What is the nightlife like? Are there places near the Metro that are worth going to? I found out that Uncle Sam is putting me up in a 1 bedroom apartment with a free Metro pass (cha ching!). I'll be living near Arlington (exact city is TBD).


----------



## stevelovescufflinks (Jan 9, 2010)

Well, I lived there for four years and would say it is my favorite places in the world. So many good places to live. Northwest DC is very nice as is Georgetown, but with schooling in mind you options are Bethesda, Gaithersberg, Arlington, Potomac, Shirlington, Tysons Corner. Basically Va and MD are perfect. Don't live in the city or PG county. Good Luck you will love it. International and Beautiful.


----------



## challer (Sep 4, 2008)

I've been living in DC Metroplex for 25 years. Dogs are very welcome here. If you plan to put your kids in public schools, stay out of DC. Arlington, Alexandria, and the section of Fairfax county soiuth of Alexandria along the GW Parkway all off easy transportation via metro or driving and there are many hidden gems in the housing areas.


----------



## richardUK (Nov 29, 2009)

yep, as others have said, avoid DC public schools

theyve got a new woman in charge there now, but its going to take years to get anything fixed, if they even manage to do that



how old are your children?
have you considered leaving the family in the uk?


----------



## Matthew Schitck (May 12, 2009)

*Interviews completed*

Thank you for all the suggestions and advice. I've managed to clear the selection and interviews, so I can only sit back and wait now.
In answer to RichardUK, my children are 6 and 2. I too have some reservations about American Schooling having visited one as a school boy myself. I was there at the start of a semester and was startled to discover that the text books being handed out for the new classes contained work I had already covered over the previous two years at my local comprehensive.
Such concerns aside, I do hope I get the job.


----------



## JAGMAJ (Feb 10, 2005)

Matthew Schitck said:


> Thank you for all the suggestions and advice. I've managed to clear the selection and interviews, so I can only sit back and wait now.
> In answer to RichardUK, my children are 6 and 2. I too have some reservations about American Schooling having visited one as a school boy myself. I was there at the start of a semester and was startled to discover that the text books being handed out for the new classes contained work I had already covered over the previous two years at my local comprehensive.
> Such concerns aside, I do hope I get the job.

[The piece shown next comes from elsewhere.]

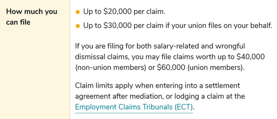 While he can file a claim with the Employment Claims Tribunals (ECT), the cap is $20,000 - meaning he would have to forgo the remaining $44,000.

Fairfax County, VA and Montgomery County, MD have some of the best public schools in the United States--at least the wealthier parts of those counties. If you choose to live there, any deficiencies in quality of education would likely be outweighed by the advantages of having your children experience life in a foreign country. Going to DC schools, on the other hand, would probably be a disappointment unless you shell out the money for a nice private school.


----------



## Acacian (Jul 10, 2007)

If I were to move back to the D.C. area, here's where I would live:
https://en.wikipedia.org/wiki/Glen_Echo,_Maryland
https://www.glenecho.org/

It is the smallest town in Maryland, and an _extremely_ nice little place - a little village right on the Potomac. Population 200something, it is easily accessible from DC via either Massachusetts Avenue, Clara Barton Parkway, or Macarthur Boulevard. However, it also makes you feel like you a world away from DC and the surrounding suburban crush.

It even has an abandoned vintage late 1800s amusement park now managed by the National Park Service. And a odd clerk at the 7/11 who has an strange beard and wears tweed jackets with his 7/11 uniform. Not sure if he's still there though...


----------